Television and radio broadcasting licenses are subject to renewal by the FCC, at which time they may be subject to petitions to deny the license renewal applications. At Dec. 31, 2006, the Company had FCC authorization to operate 23 television stations and one AM radio station. At Dec. 31, 2006, the Company had 16 television license renewal applications pending before the FCC (WDCW-TV, Washington, D.C., WGNO-TV, New Orleans, WXIN-TV, Indianapolis, WXMI-TV, Grand Rapids, WGN-TV, Chicago, KWGN-TV, Denver, KDAF-TV, Dallas, KHCW-TV, Houston, KTLA-TV, Los Angeles, KTXL-TV, Sacramento, KSWB-TV, San Diego, KRCW-TV, Portland, KCPQ-TV, KMYQ-TV, Seattle/Tacoma, and WTIC-TV and WTXX-TV, Hartford/Waterbury). The Company expects the FCC to renew all of the licenses.

The FCC has approved technical standards and channel assignments for digital television (“DTV”) service. DTV permits broadcasters to transmit video images with higher resolution than existing analog signals. Operators of full-power television stations have each been assigned a second channel for DTV while they continue analog broadcasts on the original channel. After the transition is complete, broadcasters will be required to return one of the two channels to the FCC and transmit exclusively in digital format. By law, the transition to DTV was to occur by Dec. 31, 2006, subject to extension if 80% or more of U.S. households did not have a DTV receiver, a benchmark that was not met. In December 2005, the Senate passed a bill that would, among other things, extend the digital transition deadline to Feb. 17, 2009. Conversion to digital transmission is requiring all television broadcasters, including those owned by the Company, to invest in digital equipment and facilities. At Dec. 31, 2006, all of the Company’s television stations were DTV compliant.

18




The FCC has not yet issued final DTV channel assignments for operation after the transition from analog has ended, and has not resolved a number of issues relating to the operation of DTV stations. These issues include the obligations of DTV stations to broadcast children’s programming as well as additional “public interest” obligations that may be imposed on broadcasters’ use of digital spectrum.

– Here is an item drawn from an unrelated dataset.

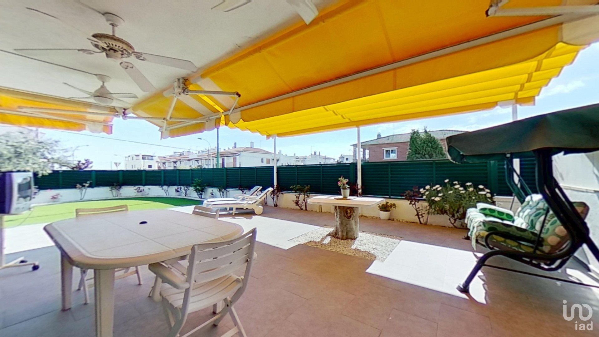 En el exterior, esta hermosa casa adosada esquinera con orientación suroeste se sitúa en un terreno de 220 m² con vallado recién reformado de aluminio, con un amplio jardín de césped artificial instalado hace 1 año, perfecto para disfrutar al aire libre. Dispone de una barbacoa de obra con pica, ideal para reuniones familiares, una ducha exterior, instalación de agua y un porche frontal y uno lateral, equipados con toldos y también con ventiladores y pérgola para mayor comodidad en los días cálidos. Su espaciosa distribución exterior ofrece múltiples opciones para el descanso y el entretenimiento y también para la privacidad.
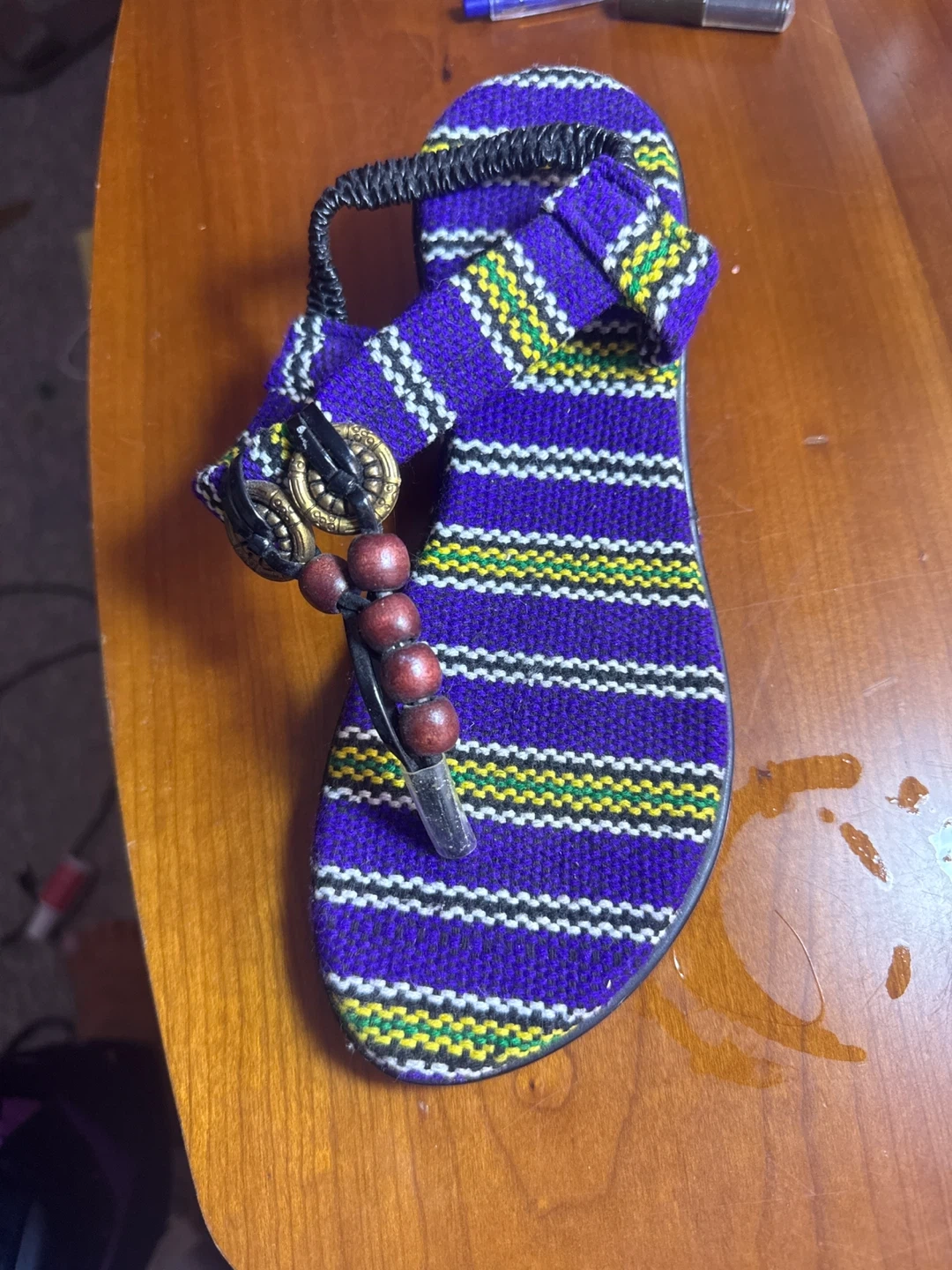 These are handmade purple sandals with a unique design. They feature a woven strap and beaded details. Perfect for adding a pop of colour to your outfit!

From time to time, the FCC revises existing regulations and policies in ways that could affect the Company’s broadcasting operations. In addition, Congress from time to time considers and adopts substantive amendments to the governing communications legislation. The Company cannot predict what regulations or legislation may be proposed or finally enacted or what effect, if any, such regulations or legislation could have on the Company’s broadcasting operations.

Employees

The average number of full-time equivalent employees of the Company in 2006 was 21,000, approximately 1,200 less than the average for 2005, primarily due to the elimination of approximately 450 positions at various times during 2006 and approximately 900 positions near the end of 2005, primarily in the publishing segment.

During 2006, the Company’s publishing segment employed an average of approximately 17,800 full-time equivalent employees. About 13% of these employees were represented by unions covered under 19 labor contracts. Contracts with unionized employees of the publishing segment expire at various times through April 2012.

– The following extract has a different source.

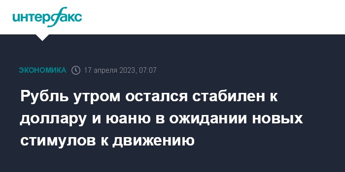 Москва. 17 апреля. INTERFAX.RU - Доллар США и юань стабильны на Московской бирже на старте торгов в понедельник, рубль не меняется в ожидании новых стимулов к движению.

The broadcasting and entertainment segment had an average of approximately 3,100 full-time equivalent employees in 2006. Approximately 19% of these employees were represented by unions covered under 20 labor contracts. Contracts with unionized employees of the broadcasting and entertainment segment expire at various times through December 2009.

Executive Officers of the Company

Information with respect to the executive officers of the Company as of Feb. 26, 2007, is set forth below. Their ages are indicated in parentheses. The descriptions of the business experience of these individuals include the principal positions held by them since February 2002. Unless otherwise indicated, all references to positions are to officers of the Company.

Dennis J. FitzSimons (56)
Chairman (since January 2004), Chief Executive Officer (since January 2003) and President (since July 2001); Chief Operating Officer from July 2001 until December 2002; Executive Vice President from January 2000 until July 2001; President of Tribune Broadcasting Company* from May 1997 until January 2003.

Donald C. Grenesko (58)
Senior Vice President/Finance and Administration.

Crane H. Kenney (44)
Senior Vice President, General Counsel and Secretary.

Timothy J. Landon (44)
President of Tribune Interactive, Inc.* since March 2004; President of Tribune Classified* from June 2000 until March 2004.

Thomas D. Leach (46)
Senior Vice President/Development since February 2005; Vice President/Development from

19




February 2004 until February 2005; Vice President and Chief Financial Officer of Tribune Broadcasting Company* from March 2001 until January 2004.

Luis E. Lewin (58)
Senior Vice President/Human Resources.

R. Mark Mallory (56)
Vice President and Controller.

Ruthellyn Musil (55)
Senior Vice President/Corporate Relations since February 2004; Vice President/Corporate Relations until February 2004.

John E. Reardon (53)
President of Tribune Broadcasting Company* since November 2005; Vice President of Tribune Broadcasting Company* from March 2004 until November 2005; Vice President and General Manager of KTLA-TV, Los Angeles* until March 2004.

Scott C. Smith (56)
President of Tribune Publishing Company* since January 2005 and Publisher of Chicago Tribune Company* since October 2006; Chief Operating Officer of Tribune Publishing Company* from November 2004 until January 2005; President of Chicago Tribune Company* until November 2004.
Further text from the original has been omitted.